Students and community members gathered in Ingraham Hall Tuesday night to hear Ilan Pappe offer his view on the current situation in Israel and potential methods for remedying the mutually bloody conflict between Israelis and Palestinians.
Ilan Pappe is a teacher of political science at the University of Haifa in Israel and the academic director of the Research Institute for Peace at Givat Haviva. He gained global notoriety last May when he was nearly fired from the university after allegedly supporting a student who uncovered evidence of an Israeli massacre of Palestinians during Israel’s 1948 war of independence.
Pappe is among a series of speakers brought to campus to offer students information on the current situation between Israel and Palestine, as well as give their ideas on possible solutions to the conflict.
Pappe believes there have been no successful attempts at bringing peace to the Israelis and Palestinians, because those who have attempted to forge it went about it the wrong way.
“The main thrust of peace-making was a business-like approach,” he said. “[They were] looking for visible aspects of the conflict without looking at the situation analytically.”
He believes that if a solution is going to be found, people are going to have to get closer to the root of the problem.

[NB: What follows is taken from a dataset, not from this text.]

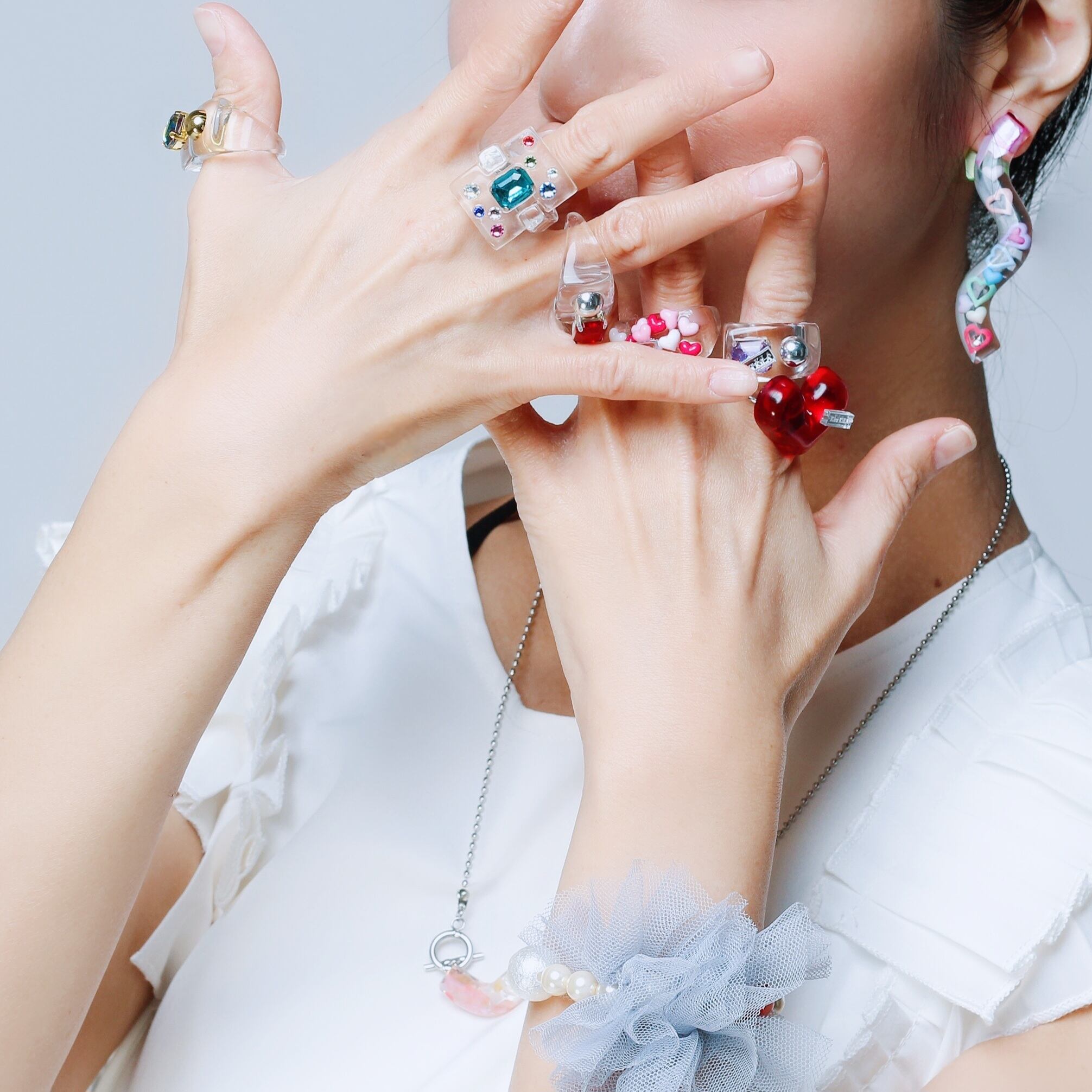 大人の遊び心を詰め込んだロックアイスのようなビジューリング。

According to Pappe, this is a difficult task for an external power like the United States or United Nations, because in order to help, one must be immersed in the culture and history of the region.
“Whoever tried to sell the Palestine question did not want to get entangled with morality, history or culture,” he claimed.
Ayelet Halamish, an Israeli student at UW who attended the speech, thought Pappe had some good ideas. “I think [Pappe] did a good job of identifying some of the issues,” she said. “This is a problem that needs to be solved very soon.”
“I believe that one thing people or Americans don’t realize is that Israel is the only democracy in the Mideast, and the [Palestinians] are trying to get rid of that,” Halamish said. “They want to go back to ninth-century mob rule and keep it that way.”
Both Pappe and Halamish are hopeful that a resolution will arise in the near future. According to Halamish, people all over Israel are afraid to leave their homes. She described a country that once consisted of streets full of friendly people, now a land of empty streets and restaurants.